RUN SA AGAWAN 2015: Welcome to the World of Aranyas, Bagakays and Halbutan

Immediately after I cross the finish line of the 10km race at the Takbo Para Kay Juana last March  my friend Gudelia "Judy" Marcelo made mention that there is a fun run this May in Sariaya which will be bigger as it coincides with a festival the town is known for. She mentioned something about "Agawan."

Hearing the word  got me curious.  Was she referring to "agawan base"?  It is a game of my childhood years where kids bonded themselves into two teams and chased one another with the end goal of making an uncontested touchdown on the other team's base. 

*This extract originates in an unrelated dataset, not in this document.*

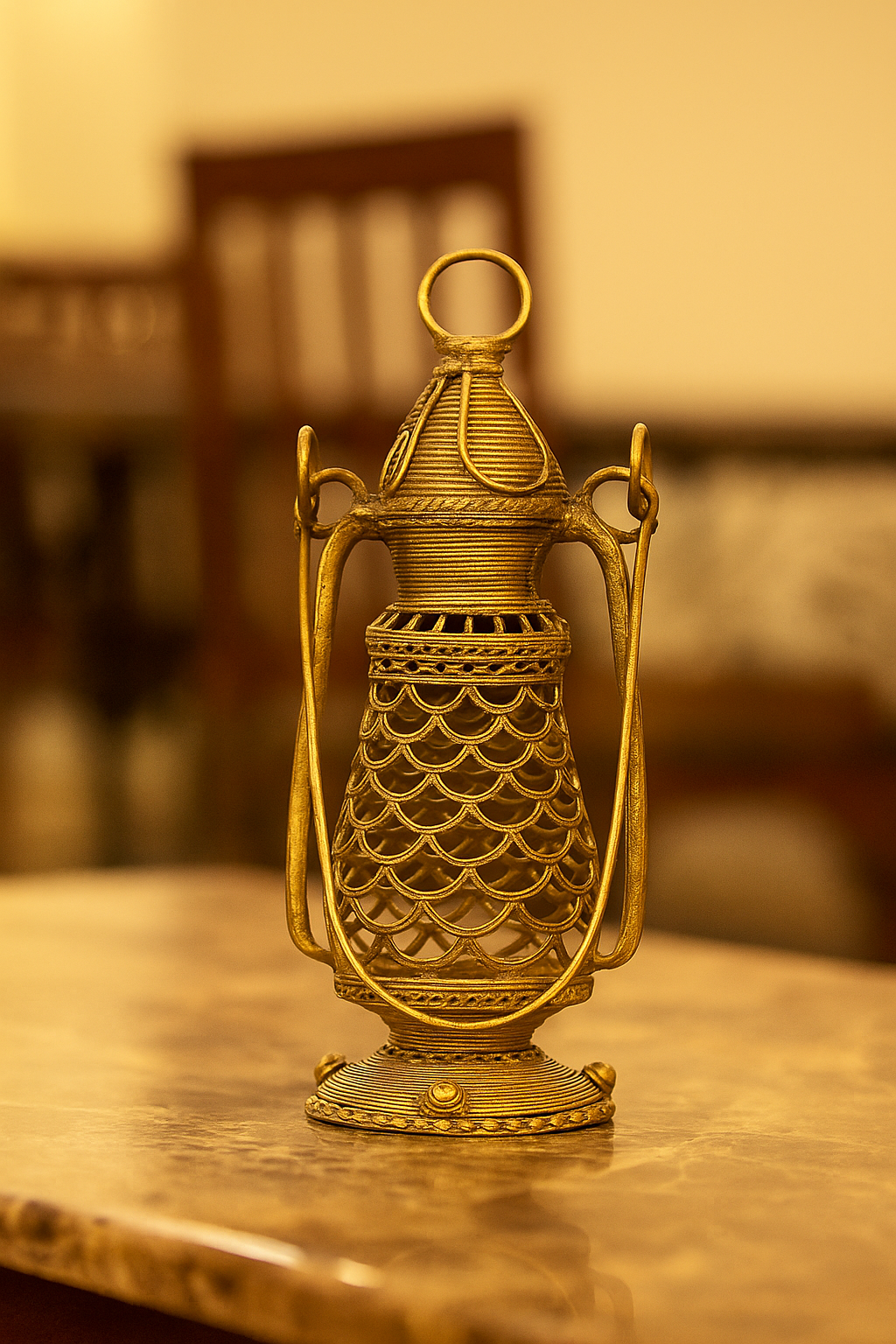Heritage Flame Brass Lantern is a handcrafted brass lantern that embodies the timeless glow of tradition. Meticulously designed with intricate detailing, this lantern captures the essence of vintage artistry while offering a warm, ambient illumination. Crafted from pure brass, it stands as both a functional light source and a decorative heritage piece, blending elegance with cultural depth. Whether placed in a puja room, living space, or festive setting, this lantern radiates grace and harmony.

Alas, when the poster of the May run was sent to me by  Judy, it was not to be the agawan base.  The Run sa Agawan is much more than a childhood game.  The Run sa Agawan on May 10 is part of a big festival of Sariaya. If Lucban has "Pahiyas" and  Tayabas has "Mayohan", my dear Sariaya has "Agawan."   All three festivals are in the province of Quezon and are in celebration of the feast of San Isidro Labrador.  The Run Sa Agawan will benefit the Sariaya Farmers Federation.  
To get to know more about the "Agawan" Festival, I communicated with a true blue Sariayahin - Eric Dedace.  He is with the Tourism office of the town.  Eric is known among his townsfolk and town visitors as the tour guide to see if one needs a lesson in the rich history of Sariaya. Eric was generous with his time and knowledge and here are direct quotes from him about the subject:

"Agawan Festival is the name given since the 1990s to the traditional Sariaya harvest festival held in honor of San Isidro Labrador, the Spanish patron saint of farmers every May 15th of the year.  No one knows when this tradition started but it may have evolved  sometime during the Spanish colonial period. It involves the putting up of decorations in the house using the best farm produce like fences from bunches of coconuts, bananas and sugar canes at times, fruits and "Suman" artfully placed on bamboo chandeliers or "Aranyas" gaily decorated with "Papel de Japon," draperies of "Pastillas" or milk-based candies and embellishments of those traditional 'Pamahiyas" or hard type of gaily colored bread in various shapes as boxer, horse, eagle, gun, fish, heart and guard, as well as "Kiping" or colored rice wafers as eye-catching accents.  The beautiful decorations are spruced up further by the raising of goodie-laden young bamboo trees called "Bagakays" that form a beautiful and bountiful, gently swaying canopy along the route of the saint's procession.  Food preparation is likewise the name of the game , a chance to sample the well-known "Puwersado sa Recado" culinary expertise of the Sariayahin. Prizes are given to the best house decorations, as well as to the winners in the host of activities designed to highlight the festival to the locals, as well as to the visitors and tourists alike. After the holy mass, sly blue garbed San Isidro Labrador is led out of the church and ushered into a fireworks-laden start of the afternoon procession, wherein the passing of his antique silver-plated carroza signals the ripping off or the generic Sariayahin term "Halbutan" of the decors which are thrown to the people on the street. The excitement of the mad scramble for goodies is intensified further by the felling down of the "Bagakays" on the ensuing grab fest that has been described as a "Happy Pandemonium", the most expressed form of giving and sharing by a people this side of the country.  After the procession, the Santo is led inside the church for the ritual incensing wherein all the goodie decorations in his carroza are handed over to the overeager revelers as well, after which it is led to the home of its owner, the Rodriguez-Cabunyag Family.  Accordingly, some of the residents even burn whatever they were able to obtain from the traditional religious activity to be strewn on their farmland for a good harvest the following year. 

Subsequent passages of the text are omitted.